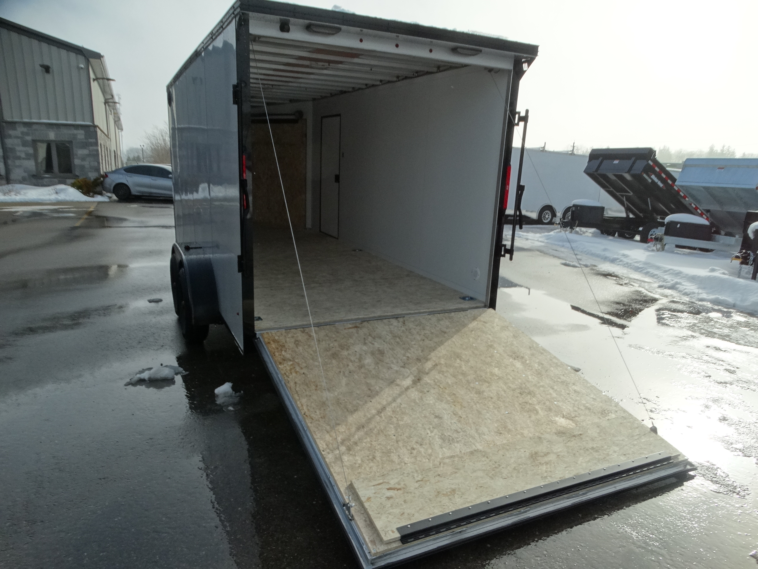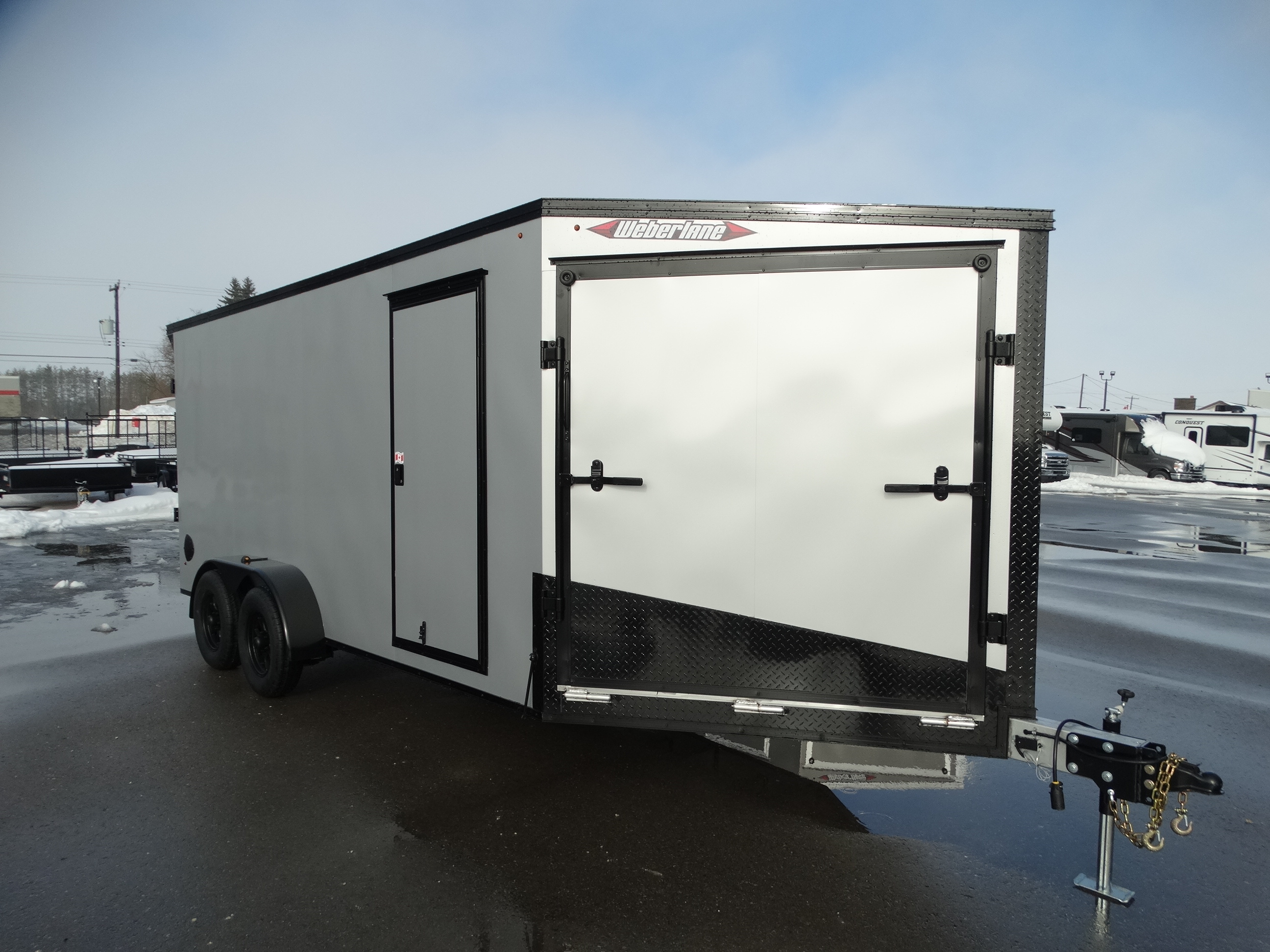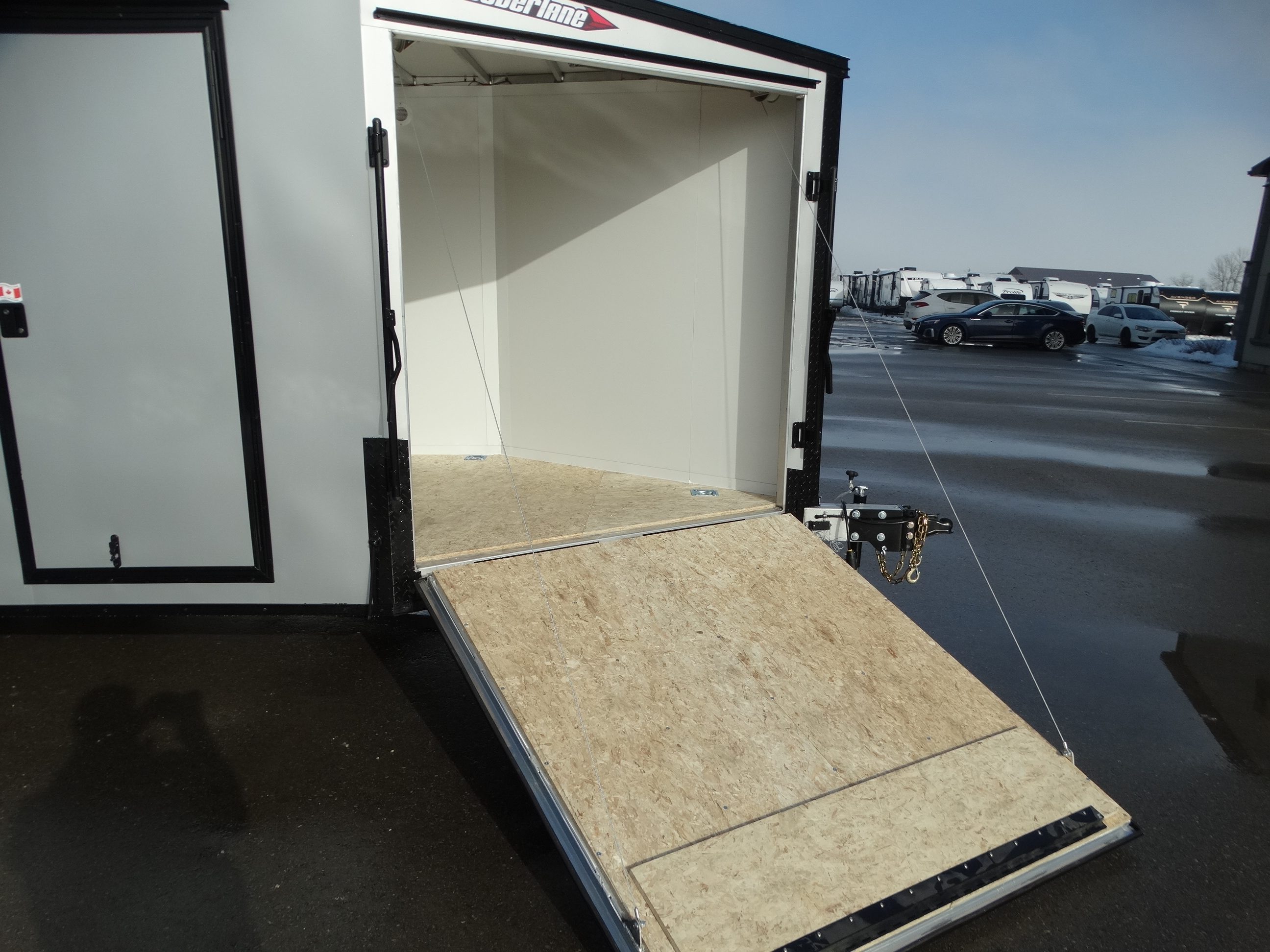 Come check out this 7x21 aluminium sled trailer! This trailer has tandem 3500 lb axles with electric brakes and a payload of over 4500 lbs. It comes with aluminium rims, white plastic interior lining, a rear ramp door as well as a front ramp door, 78'' interior height and d-rings. It also has a rear spoiler with integrated lights as well as the blackout trim package for a sharper look. Come see it today!
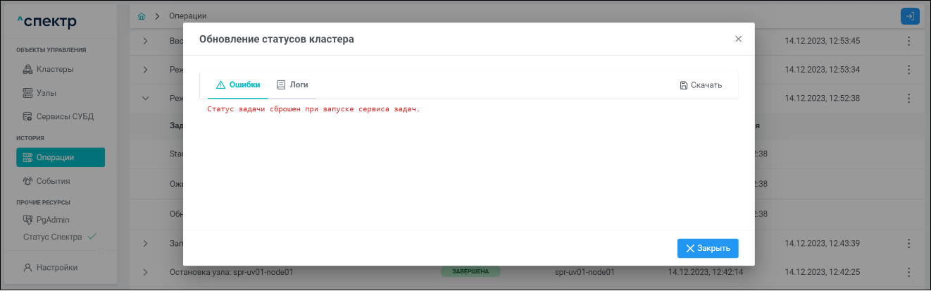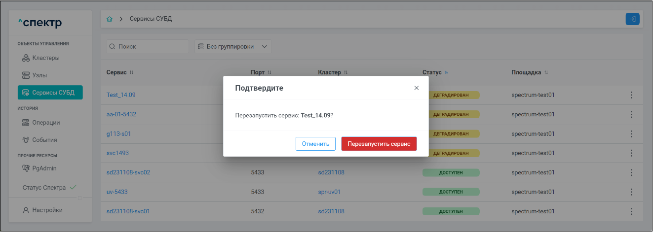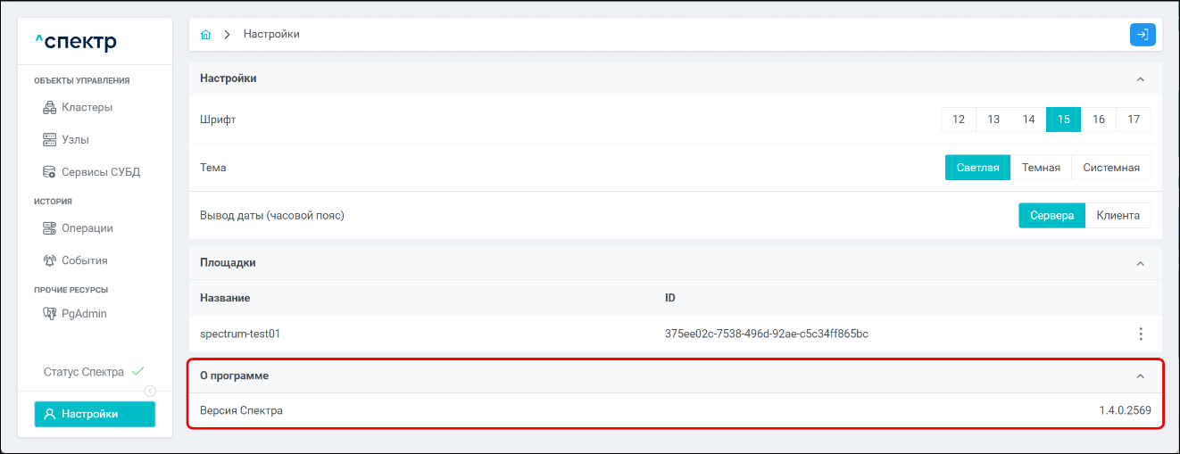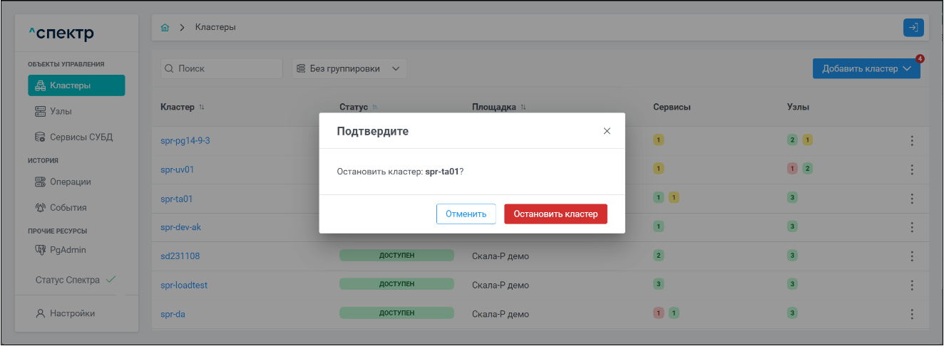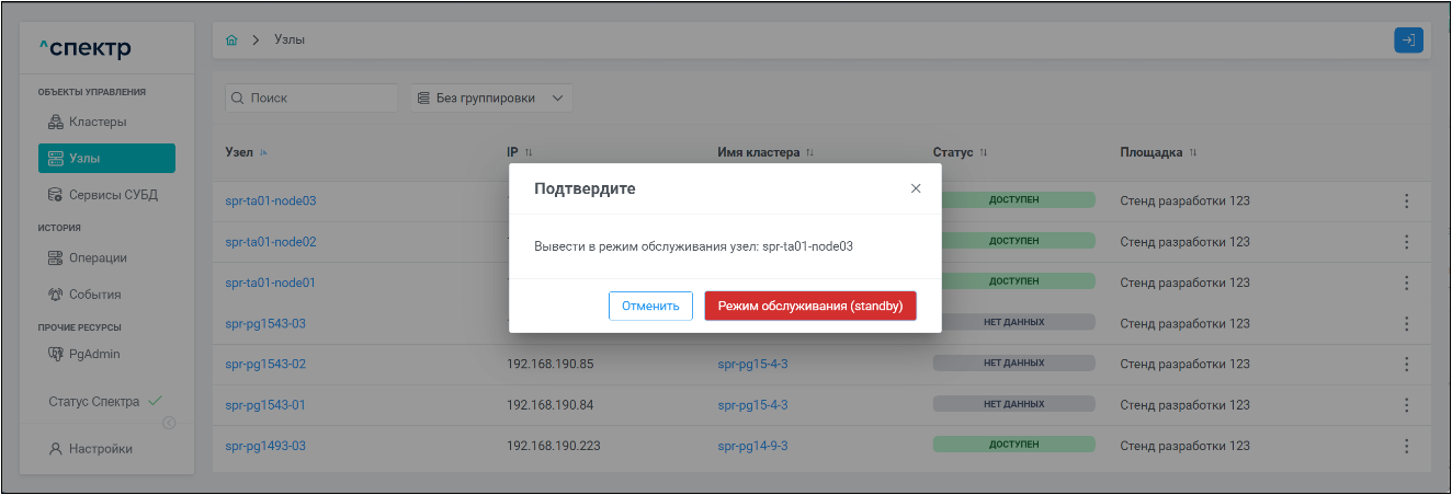 | Агент Спектра | Специализированное программное обеспечение, которое устанавливается на узлы кластера и используется в работе ПО «Скала^р Спектр» для выполнения следующих задач: получение актуальной конфигурации кластера; получение и обновление конфигураций СУБД и программы управляющей пулом соединений PgBouncer; выполнение операций с кластером, сервисами, узлами; предоставление метрик о состоянии кластера, узлов, сервисов СУБД, баз данных для системы мониторинга. |
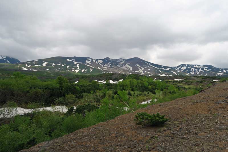 十勝岳展望所には無料の駐車場があり、そこに車をおいて少し登った所から撮影した写真です。 この写真の右手にはずっと道があり、それは十勝岳への登山道になっています。5月は雪解けが進んでいて道路には雪がありませんが、道の横やあちこちにまだ雪が残っています。

- EXERCISE BRIEF
All lines of the material above should be returned unchanged, but no pictures should be included.

- WRITTEN SOLUTION
 Come check out this 7x21 aluminium sled trailer! This trailer has tandem 3500 lb axles with electric brakes and a payload of over 4500 lbs. It comes with aluminium rims, white plastic interior lining, a rear ramp door as well as a front ramp door, 78'' interior height and d-rings. It also has a rear spoiler with integrated lights as well as the blackout trim package for a sharper look. Come see it today!
 | Агент Спектра | Специализированное программное обеспечение, которое устанавливается на узлы кластера и используется в работе ПО «Скала^р Спектр» для выполнения следующих задач: получение актуальной конфигурации кластера; получение и обновление конфигураций СУБД и программы управляющей пулом соединений PgBouncer; выполнение операций с кластером, сервисами, узлами; предоставление метрик о состоянии кластера, узлов, сервисов СУБД, баз данных для системы мониторинга. |
 十勝岳展望所には無料の駐車場があり、そこに車をおいて少し登った所から撮影した写真です。 この写真の右手にはずっと道があり、それは十勝岳への登山道になっています。5月は雪解けが進んでいて道路には雪がありませんが、道の横やあちこちにまだ雪が残っています。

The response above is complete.